Os espíritas continuam a ser perseguidos e discriminados
em Portugal, em pleno século XXI, a começar pelo Estado…
Tive conhecimento de um amigo que usa um pseudônimo nas
suas atividades espíritas, com receio de ser despedido
de uma instituição estatal.
Tive conhecimento de um frequentador do Centro de
Cultura Espírita de Caldas da Rainha, que eu frequento,
que deixou de o frequentar pois o seu patrão (de uma
corrente religiosa que não suporta o Espiritismo)
ameaçou-o de que, se continuasse a ir ao centro
espírita, seria despedido.
Vivemos num país supostamente do 1º mundo, com uma
mentalidade do tempo da Santa Inquisição, onde os
Espíritas (para quem ainda não houve 25 de Abril de
1974, pois o Estado ainda não devolveu todos os bens
confiscados no tempo da ditadura e entregues à Casa
Pia), em pleno século XXI, têm de se expor, têm de ter
mil e um cuidados no seu quotidiano, por uma questão de
liberdade de consciência, de expressão, de escolha da
sua espiritualidade, consignada na Constituição da
República Portuguesa?
Felizmente a situação é diferente de há 2 mil anos,
quando os cristãos eram atirados aos leões, nas arenas
dos circos romanos.
Se não faz sentido nenhum uma advogada (ou outro
profissional qualquer) pedir um parecer de
compatibilidade com a sua opção de ateu, católico,
budista, espírita, agnóstico etc., menos sentido faz uma
Ordem profissional dar um parecer positivo ou negativo,
pois que o único parecer deveria ter sido “Não temos
o poder de dar um parecer sobre questões de consciência
individual”.
Já agora, se alguém souber onde se vende “bom senso”,
seja em pó ou noutro estado qualquer, diga-me por favor,
para enviar à Ordem dos Advogados, em Portugal…

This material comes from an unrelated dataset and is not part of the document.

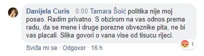 Dok čekamo odgovore, bilo je teško ne primijetiti zanimljiv diskurs Danijele Curiš, članice Središnjeg odbora HNS-a, u raspravi s nekolicinom nastavnika u kojoj sugovornicima imputira da omalovažavaju kolege koji rade na reformi. Jednoj od znatiželjnih nastavnica Curiš je odgovorila: „Politika nije moj posao. Radim privatno. S obzirom na vaš odnos prema radu, da se mene i druge porezne obveznike pita, ne bi (sic!) vas plaćali. Slika govori o vana (sic!) više od tisuću riječi.“

Por falar em incompatibilidades, cada vez penso mais que
as alterações climáticas no planeta Terra estão a dar
cabo da nossa moleirinha e são incompatíveis com a
normalidade!!!
Valha-nos Deus…
P.S. – No artigo diz-se
que “o culto desses conhecimentos configura uma
religião - o Espiritismo".
Aqui fica uma correção:
O Espiritismo não é mais uma religião, mais uma seita,
mas uma doutrina filosófica de consequências morais (in
“O que é o Espiritismo”, Allan Kardec).